Les questions que Brigitte Rollet se pose sont diverses : de quelle nature sont ces images ? « Quelles forment prennent-elles et quelles sont leurs possibles significations ? ». Les chaînes françaises ont-elles maintenu cette présence des homosexuel-le-s dans leurs émissions ? Comment, pour qui et pourquoi, une fois atténué l’engouement étrange, éventuellement voyeur, pour un public « différent » toutes les chaînes ont-elles diffusé des débats, des documentaires et des reportages sur le sujet ? Sur ces sujets ?

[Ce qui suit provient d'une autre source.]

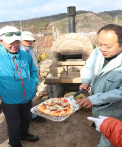 【門前町道下、バラ園にピザ窯登場、交流の場に】

Selon Brigitte Rollet, « C’est en 1995 que Canal Plus lance sa première nuit Gay, et que la notion de « minorités socialement visibles » émerge chez les scénaristes de télévision ». 1995 marque la première année où la Gay Pride fait la Une de la presse écrite, radiodiffusée et audiovisuelle. C’est aussi l’année de Gazon maudit, le film de Josiane Balasko, qui enregistre 5 millions de spectateurs en France. À la télévision, La Marche du siècle (France 3) diffusée le 18 mai 2000, dont le thème est « Amour, fidélité, séduction », met à l’écran un couple de femmes. Les chaînes privées invitent des couples homosexuels lorsqu’une émission traite de l’amour : TFI présente « J’ai tout quitté par amour » le 15 septembre 2000, puis dans le magazine « C’est quoi l’amour ? Aimer malgré les kilos », le 9 février 2001.

Sur les chaînes du service public, les magazines emboîtent le pas : Michel Field, dans Ce qui fait débat le 4 avril 2001 et deux mois plus tard (27 juin 2001) pour « Le Corps dans tous ses états ». Jean-Luc Delarue dans Ça se discute sur « Peut-on accepter l’adultère au nom de l’amour ? », etc.

Il émerge de cette étude que « l’évolution quantitative ne se traduit pas par un regard et un discours alternatifs sur les homosexuels ». Tout se passe comme si les gays et les lesbiennes du PAF – hors Arte et Canal Plus – ne pouvaient s’y trouver qu’en partageant les « problèmes du groupe dominant ». Sans que, selon l’auteure de ce livre érudit et original, « la nature particulière du couple homosexuel soit nécessairement envisagée : il s’agit donc là d’une vision hétéronormée et hétérocentrée qui ne peut envisager la différence hors du schéma hétérosexuel dominant ». C’est bien là, semble-t-il, la clef de ce livre. Elle est de taille.

André Rauch

Recension publiée dans Le Temps des médias, n° 11, hiver 2008-2009, p. 271.